1994 Toyota Land Cruiser (FZJ80) Dark Emerald Pearl (6M1)
Seats 8 passengers

Engine/Drivetrain 
*4.5 Liter, Fuel Inj., inline 6 cylinder, Engine Code: 1FZ-FE
*4 speed automatic transmission
*Full Time All Wheel Drive (High and Low range)
*OEM Front, Center, and Rear Electronic Locking Differentials
*Solid Front and Solid Rear(Floating) Axles

Suspension
*OEM Coil Springs and Shocks
*OEM Front and Rear Sway Bars

Wheels/Tires/Brakes
*OEM 16" x 8" 5 spoke Machined w/clear coat
*OEM 275/70/16 Michelins (worn out)
*OEM Front and Rear Disc Brakes

Future Plans
*Replace the worn out rubber with a set of 285/75/16 All terrain tires, and Alignment.
*Clean and treat the leather seats.
*Rugged Floor mats and cargo mat to protect carpets.
*Coolant Gauge Full Sweep Resistor Mod.
*Pesky Heater Hose Upgrade




























































































Thanks for looking.


----------



## AggvGtivr6 (Aug 4, 2002)

Looks great, im dying to get into a FJ as my DD. What are the mpg's like?


----------



## Jory (Apr 29, 2005)

nice :thumbup:
every once and a while I consider swapping my 62 out for an 80, but I just can't bring myself to do it


----------



## Sporin (Feb 17, 1999)

looks like a good one, congratulations! :thumbup:


----------



## SolbergWRCFan (Sep 29, 2005)

I love TLCs. I am looking at 100s in addition to 4runners, just trying to justify the extra cost.


----------



## CreeperSleeper (May 29, 2003)

Very nice 80 ya got there! IMO, the 80-series is the best all round Land Cruiser that was sold in the USA. I love mine to death and it has taken me places that a 6000 lb rig shouldn't have!
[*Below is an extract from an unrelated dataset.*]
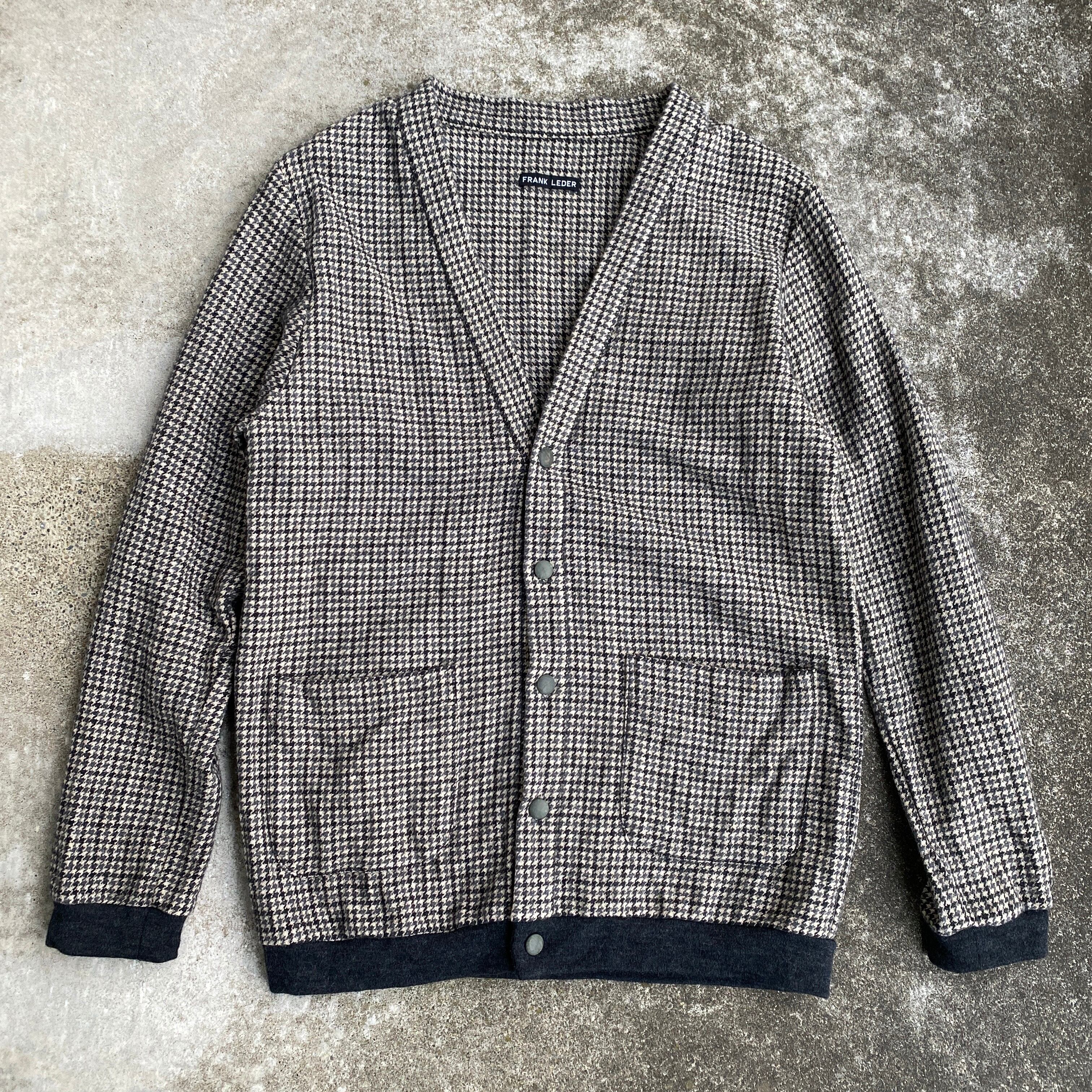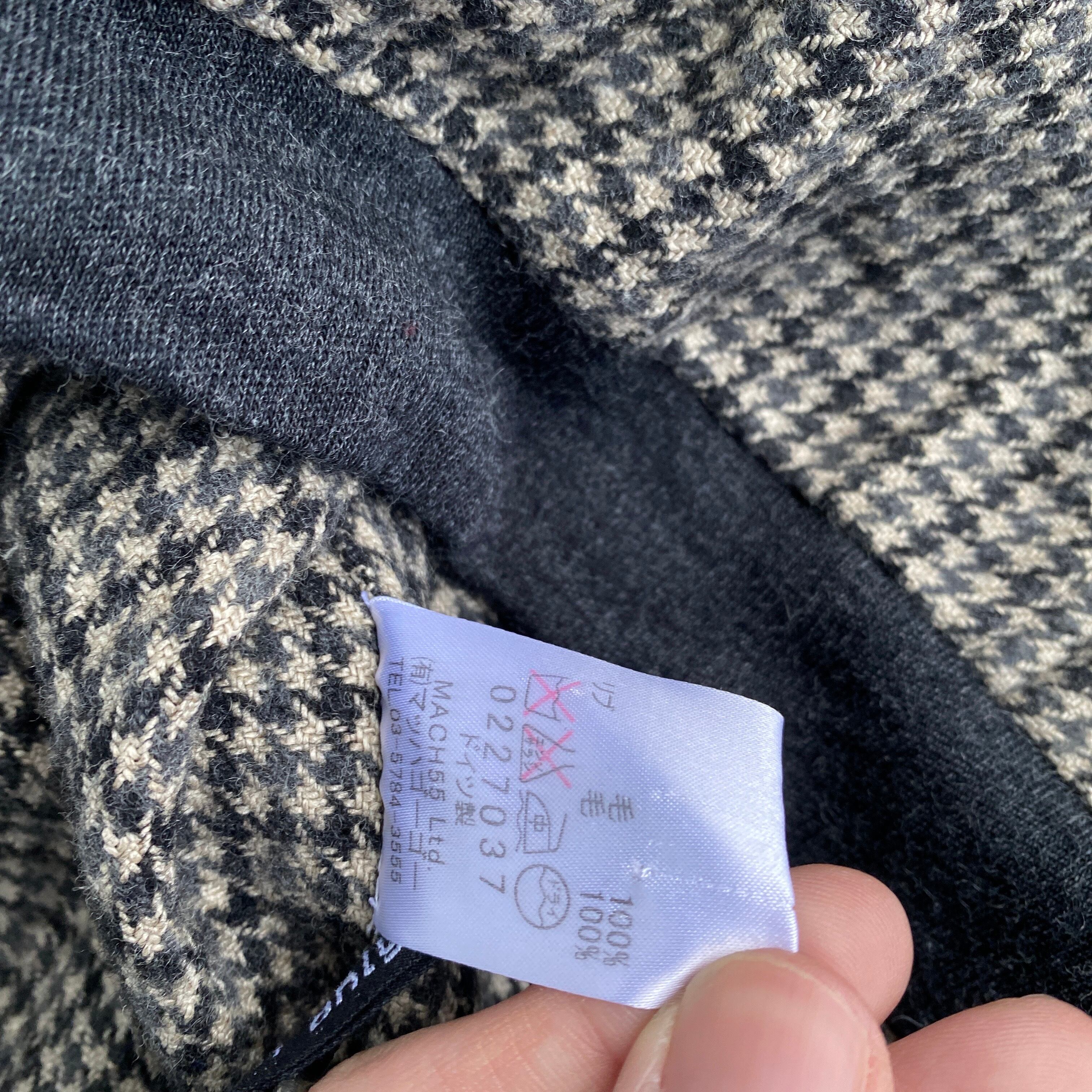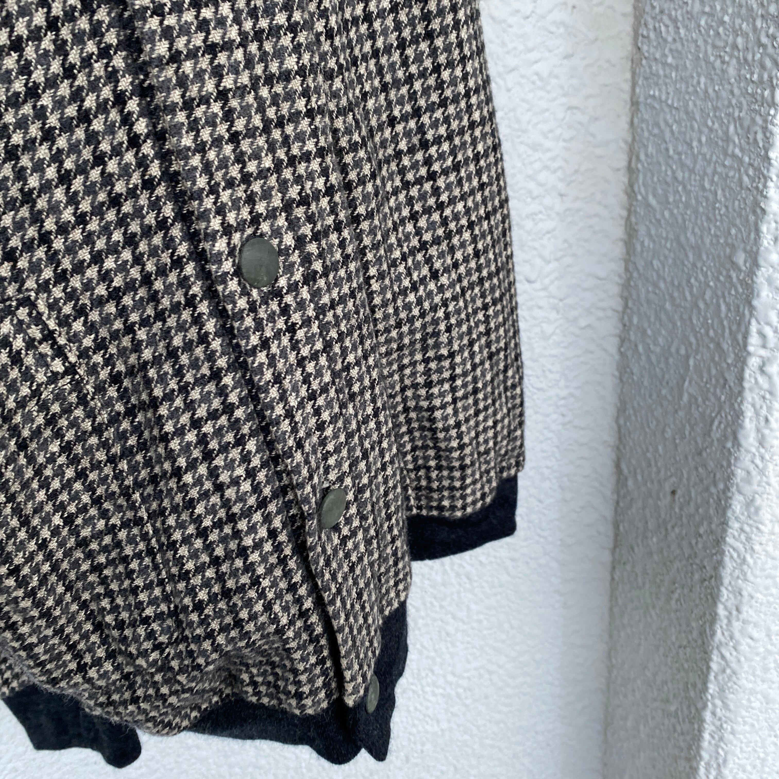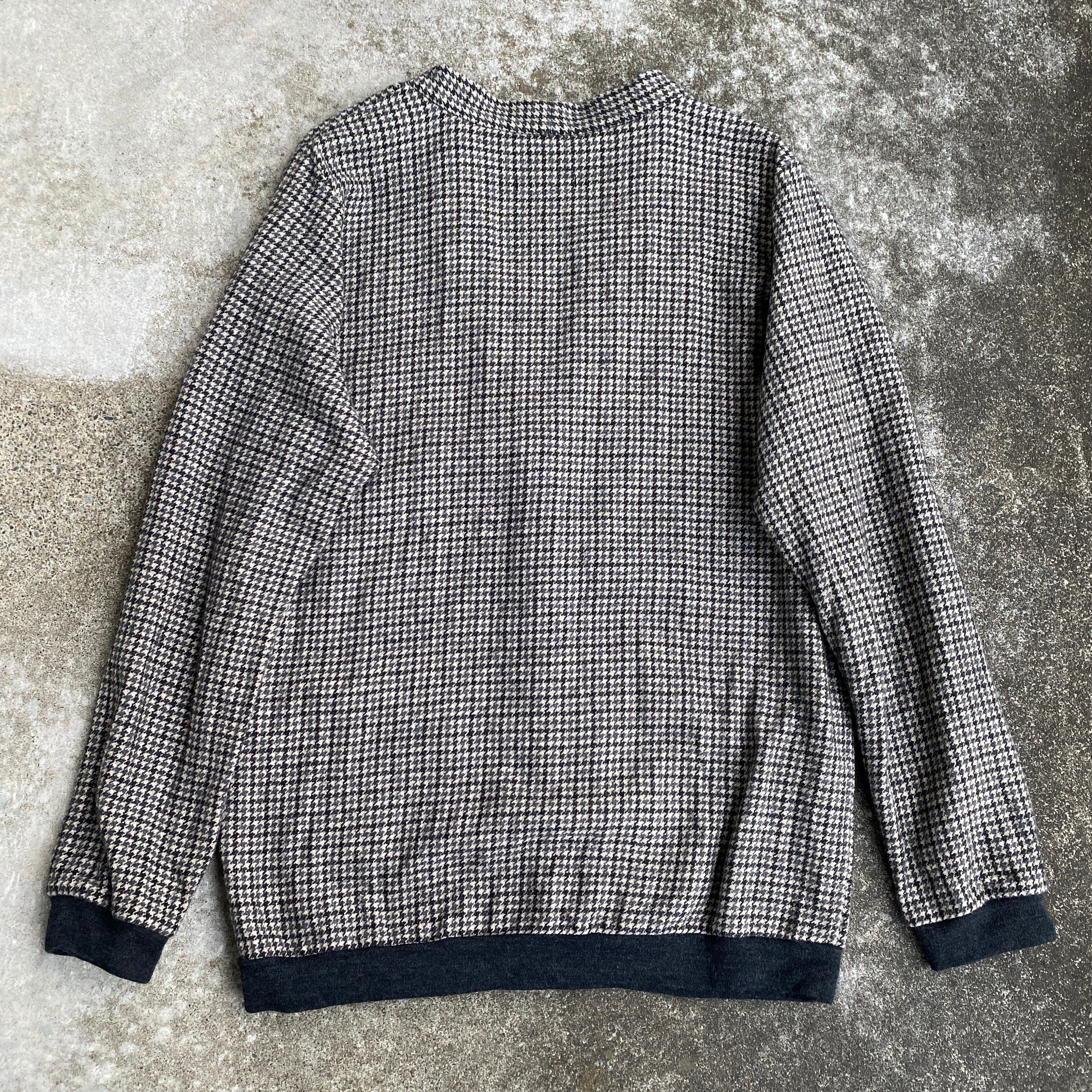 上質な梳毛ウールのハイゲージニットに、ブラック×グレー×ベージュの落ち着いた千鳥柄、ヴィンテージボタンの雰囲気が非常にかわいい一着。

If you haven't checked it out yet, get on www.ih8mud.com forums... there is a ton of tech info for Cruisers.:thumbup:


----------



## HisMajesty (Sep 4, 2000)

Wow, that looks great, what did an 80 in that shape cost if you dont mind?


----------



## FranklinWalker (Sep 3, 2010)

congratulations! man


----------



## sixdoubleseven (Apr 24, 2003)

Nicest of the modern Cruisers, imo. Looks great!:thumbup:


----------



## RED K2 (Jan 12, 2003)

Looks great, I'd love to make an expedition vehicle out of one.


----------



## runaground (Oct 8, 2007)

Congrats on the purchase. Odd fact I read in a book about the Kurds (located Northern Iraq, Iran, and Sout Eastern 
Turkey) is that they call the Land Cruisers "Monica" after Monica Lewinsky due to her plus sized curvy figure, 
guess to them the Land Cruiser and Monica Lewinsky resemble each other. Also they acquired that name when then President Bill Clinton launched those cruise missles into...? I think it was Afghanistan? Don't really remember too well anymore, but everytime I see a Land Cruiser I think "Monica".


----------



## theblur (Sep 14, 2000)

Nice find!! bought a 94 a couple months back to replace my truggy. best purchase ever! :thumbup:


----------



## OEMplus.com (May 27, 2003)

God I'm so jealous. Presently saving my pennies to acquire one of these beasties, praying there will be a low mileage, rather unmolested with lockers left after all you guys are done collecting them... 
:banghead::thumbup:


----------



## boostmonster (Feb 1, 2005)

CreeperSleeper said:


> Very nice 80 ya got there! IMO, the 80-series is the best all round Land Cruiser that was sold in the USA. I love mine to death and it has taken me places that a 6000 lb rig shouldn't have!
> 
> If you haven't checked it out yet, get on www.ih8mud.com forums... there is a ton of tech info for Cruisers.:thumbup:


 Agreed! Awesome Trucks, and yes I am on ih8MUD all the time. There is a wealth of knowledge there that no Factory Service Manual could ever bestow. 



HisMajesty said:


> Wow, that looks great, what did an 80 in that shape cost if you dont mind?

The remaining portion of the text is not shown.